Self-love appears to be all the rage in modern media, but it is not something that comes naturally to most, at least, not in my experience. In theory, it should be simple because we live in a society where we all love to talk about ourselves and our opinions all the time. So what causes our struggles and trials in our attempts to learn to appreciate ourselves as we are?
This concept is so difficult to us in part because we all are incredibly harsh critics of ourselves because we are so devoted to staring at ourselves through our camera lenses or in the mirror and judging every detail of our performances in life as needing improvement.
This is also of course because our society emphasizes a comparative and competitive lifestyle in a way that is unhealthy because the comparisons are nearly all based on stoic athleticism or physical attractiveness, and the appearances we are all comparing/competing with are on computer screens, meaning they’ve been altered/tampered with in more ways than you can imagine. In reality, much of what makes self-love difficult stems from insecurity and our self-obsessed culture that expects us to all be flawless constantly when that is not how human beings operate.
If you cannot seem to grasp self-love, ponder the root cause of your insecurity. If you are a teenager or young adult, it might be that you are in a place where you are unsure of yourself/do not quite know which direction life is taking you in or that you have acne or some other hormone-induced flaw that you are still slowly recovering from. If you are a middle-aged adult, perhaps it stems from a comparison between yourself and others your age where you feel as though you are not where you wanted to be or where you assumed you would be at this point and you are beating yourself down about your self-proclaimed lack of achievements or you are simply lost again.

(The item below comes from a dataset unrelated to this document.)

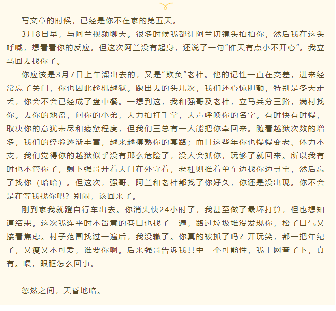 他拍狗,一只名叫"欢记”的狗2007年来到家里,就开始记录,2021年,13岁的欢记不辞而别,杜键文将所有影像资料剪辑成五分钟多的短片发在了b站上,还写了一篇文章缅怀欢记。

There is a multitude of facets of the world surrounding us that may influence our views and perspectives regarding any subject matter: your profession, political or religious views, world/societal understanding, etc… and you as a person also have your rationale almost pre-prescribed by your environment. Once you’ve pinpointed what the issue you feel inclined to have with yourself is, bear in mind that there is no real issue, you are perfectly imperfect in every way imaginable, that is what makes you beautiful and wonderful, and that is what makes you human.
Don’t be afraid to begin implementing time to just be with yourself and your thoughts, away from the chaos of social interactions, into your daily routine, some alone time is a reward and it can be a time to remind yourself of all that is good about you.
The sooner you recognize why you think what you think, the sooner you learn how to appreciate what makes you - recognizing and acknowledging your own worth is self-love. There is no need to be hesitant to be confident because you are confident and proud of who you are, it isn’t arrogance unless you are boasting about it to other people or claiming that you are any more worthy or attractive or <insert adjective here> than anyone else.
If you get stuck along the way, motivational quotes from Pinterest might do the trick for awhile, but eventually, you will find yourself needing to confront whatever has been weighing you down, and you will be thrilled and relieved in indescribable ways once you do. Stay strong and remember that self-doubt is natural, it’s a part of this crazy world, be weary always so as not to permit self-doubt to spiral into self-hate/loathing.